Umberto Eco (1932)
It was on this date, January 5, 1932, that Italian philologist and writer Umberto Eco was born in Alessandria, in the Italian province of Piedmont. He works as a professor of semiotics at the University of Bologna, teaching the study of signs and their interpretation, and their function in syntax, semantics and literary theory. Eco is best known for his novel The Name of the Rose (1983), which was made into a 1986 film. The novel is a medieval murder-mystery in which one prominent character argues that God abhors laughter.
Eco claimed he wrote The Name of the Rose because “I felt like poisoning a monk.” What does he think of religion? After publishing, Belief or Nonbelief? A Confrontation (2000), Eco was interviewed by Nora Gallagher for a Los Angeles Times review.
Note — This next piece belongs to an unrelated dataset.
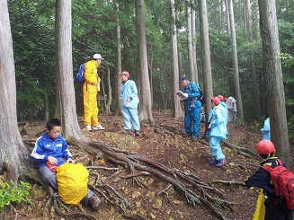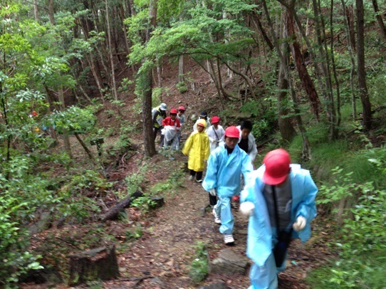 雨に打たれて山頂登山
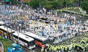 서울의 심장부 세종로가 2년 만에 다시 시위대에 점거당했다. 전국농민회총연맹(전농)과 한국대학생연합(한대련), 전국민주노동조합총연맹(민주노총), 전국노점상총연합회(전노련) 등 시위 참가자 6000명(경찰 추산·주최측 추산 2만 명)이 29일 오후 도심 곳곳에서 집회를 벌이다 기습적으로 세종로 사거리에 집결해 2시간 가량 시위를 벌였다. 시위대가 서울 세종로를 점거한 채 경찰과 대치한 것은 2009년 6월 10일 노무현 전 대통령 서거 추모집회 및 6월 항쟁 계승·민주회복을 위한 범국민대회 이후 2년 만이다. 경찰은 시위대가 도심 행진을 강행할 것을 예상할 수 있었는데도 안이하게 대처해 결과적으로 불법 시위를 방치했다는 지적을 받고 있다. 이날 기습 시위는 서울 도심에서 각각 집회를 개최한 단체들이 세종로 사거리 일대로 집결하면서 발생했다. 전농 소속 농민과 대학생 2000여 명은 이날 오후 1시 서울역 광장에서 전국농민대회를 열고 무관세 수입 중단과 구제역 도살처분 보상금 지급, 한미 자유무역협정(FTA) 비준 중단 등을 요구했다. ▼ ‘서울광장 집회’ 약속 깨고 기습 진입… 12개 차로 2시간동안 무법지대로 ▼같은 시간 전노련을 비롯한 빈민 단체 소속 1000여 명도 서울 보신각 앞에서 ‘빈민생존권 쟁취 결의대회’를 열고 노점 탄압 중단과 강제 퇴거·살인 개발 중단, 국민기초생활보장법 전면 개정 등을 촉구했다. 민주노총 소속 노동자 3000여 명은 오후 2시부터 서울광장에서 최저임금 쟁취와 노동조합 및 노동관계조정법 재개정을 요구하는 전국노동자대회를 열었다. 이들은 당초 각자 집회를 마치고 오후 3시경 서울광장에 집결해 한 시간 반 동안 이명박 정권을 규탄하는 범국민대회를 열고 이후 남대문과 을지로, 청계천을 따라 도로행진을 할 계획이었다. 경찰은 전농과 전노련에 서울광장까지의 거리행진은 허락했지만 범국민대회 이후의 행진은 불허했다. 하지만 허가받은 것과는 달리 서울역을 출발한 학생과 농민들은 서울광장에 도착하자마자 곧바로 세종로 방향으로 행진을 시작했다. 서울광장에서 집회를 마치고 기다리던 민주노총 노동자 3000명도 대열에 합류했고, 보신각에서 출발한 전노련도 곧장 세종로로 이동했다. 허를 찔린 경찰은 세종로 양방향 12개 차로를 점거한 시위대를 막기 위해 100개 중대 9000여 명의 경력과 방패차를 긴급 출동시켜 광화문광장 이순신동상 앞에 차벽을 세우고 살수차 10여 대를 배치했다. 경찰청 관계자는 “시위대가 진로를 바꿔 바로 세종로로 진입할 가능성을 미처 예상하지 못했다”며 “집회를 배려해 서울광장 집회도 허가했는데 결국 뒤통수를 맞은 셈”이라고 말했다. 이후 오후 6시 반까지 시위대는 경찰 진압을 피해 세종로와 종로, 을지로 일대를 몰려다니며 게릴라 시위를 계속했다. 이날 시위에서는 큰 물리적 충돌은 없었지만 세종로와 종로, 시청 앞 등 이 일대 교통이 극심한 혼잡을 빚었다. 한편 한대련 등 시위대 1500명은 오후 7시부터 오후 10시까지 청계광장에 모여 반값 등록금 실현을 요구하는 촛불집회를 개최했다.김지현 기자 jhk85@donga.com 박훈상 기자 tigermask@donga.com }

Gallagher wrote, “Eco is the nonbeliever, an agnostic intellectual who left the church when he was 22, but he is neither angry nor anti-religious. He thinks that a person may not believe in God but ‘one should not have the arrogance to declare that God does not exist.’” It should be noted that no Freethinker needs arrogance to “declare that God does not exist”: no Freethinker needs to make any such declaration!
Elsewhere, Eco has written, “Fear prophets and those prepared to die for the truth, for as a rule they make many others die with them, often before them, at times instead of them.” And, “A dream is a scripture, and many scriptures are nothing but dreams.” And, “But now I have come to believe that the whole world is an enigma, a harmless enigma that is made terrible by our own mad attempt to interpret it as though it had an underlying truth.” And finally what may be true of even the Christian Bible, “Books are not made to be believed, but to be subjected to inquiry.”